TASK INSTRUCTIONS
Everything from the line containing "Dates of ownership" through the last line of the listing below should be returned exactly, except for pictures.

MATERIAL PROVIDED
○ ○ ○ ○ ○

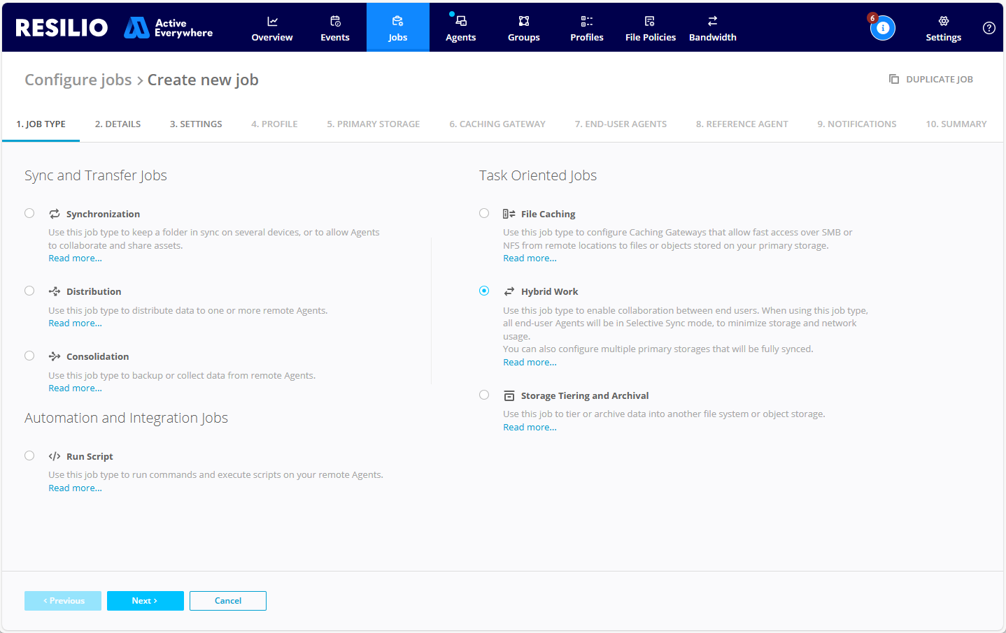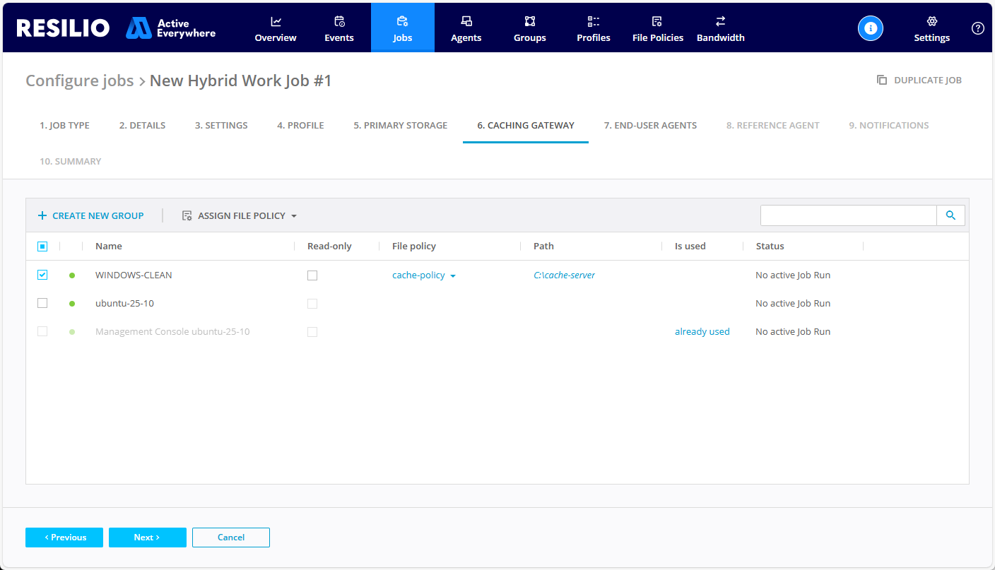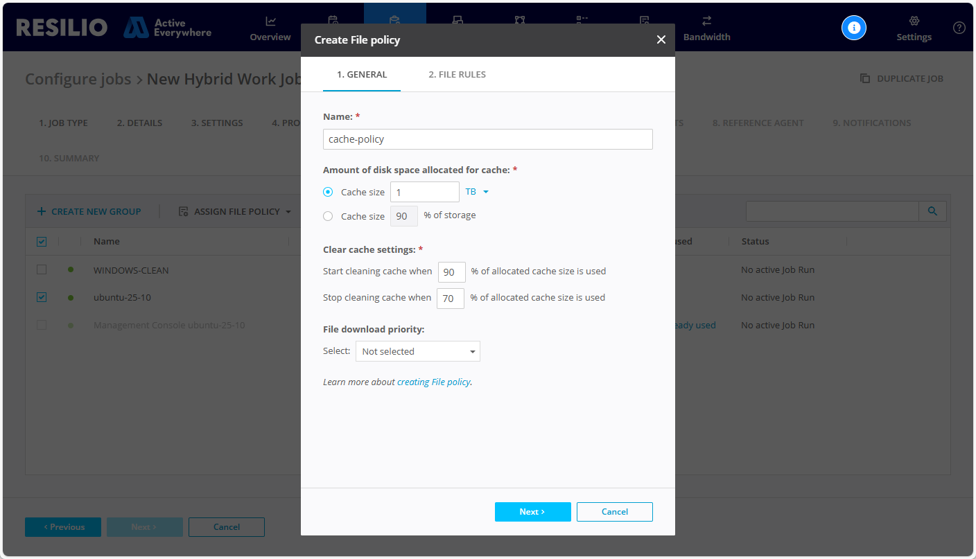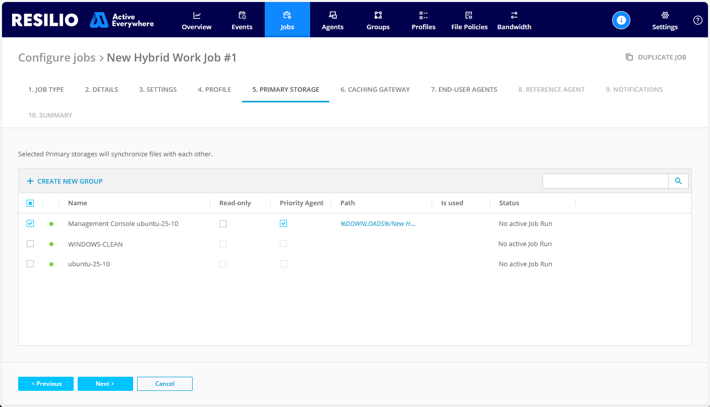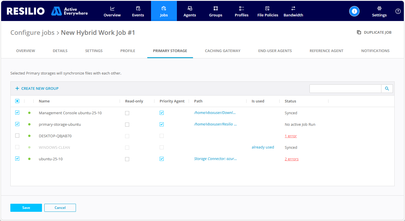 - Define synchronization jobs specifying primary storages, caching gateways (optional), and end-user devices (optional).
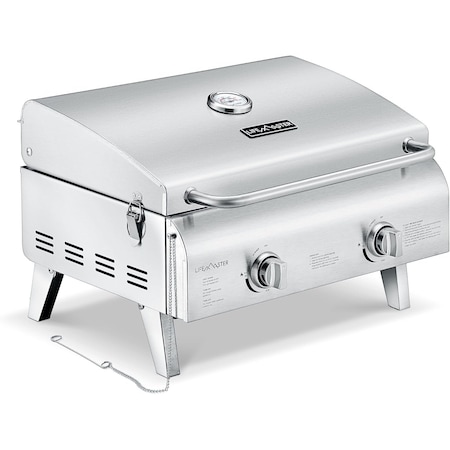Portable Tabletop Gas Grill, Stainless Steel, 2 Burners, 20,000 BTU, Folding Legs, Windproof Lid
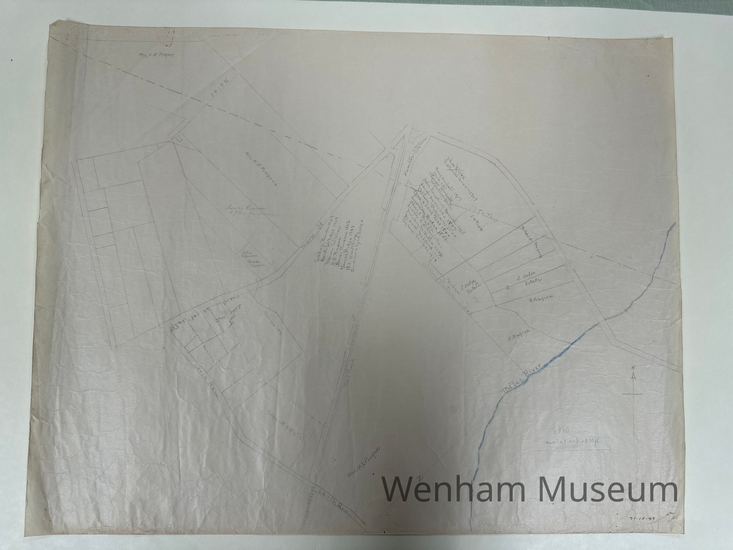 Dates of ownership in land of Wenham - Larch Row, penciled map of 1910, showing land ownership
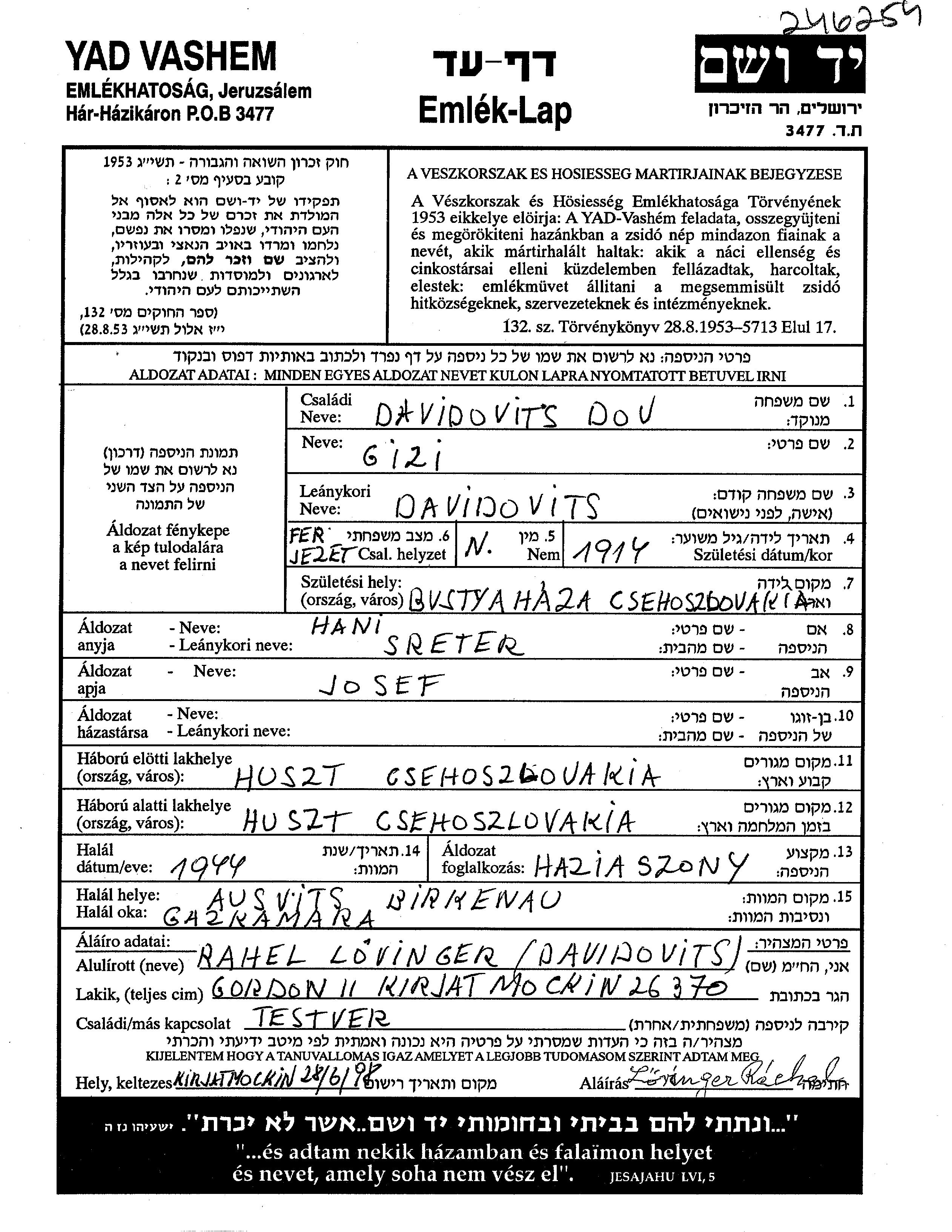 Gizi Davidovits, geb. Davidovits wurde im Jahr 1914 in Bustyahaza, Tschechoslowakei geboren. Sie war die Tochter von Josef und Hani Khani, geb. Sreter. Sie war mit Dov Verheiratet. Vor dem Zweiten Weltkrieg lebte sie in Huszt, Tschechoslowakei. Während des Krieges war sie in Huszt, Tschechoslowakei.

○ ○ ○ ○ ○

WRITTEN REPLY
 Dates of ownership in land of Wenham - Larch Row, penciled map of 1910, showing land ownership
 Gizi Davidovits, geb. Davidovits wurde im Jahr 1914 in Bustyahaza, Tschechoslowakei geboren. Sie war die Tochter von Josef und Hani Khani, geb. Sreter. Sie war mit Dov Verheiratet. Vor dem Zweiten Weltkrieg lebte sie in Huszt, Tschechoslowakei. Während des Krieges war sie in Huszt, Tschechoslowakei.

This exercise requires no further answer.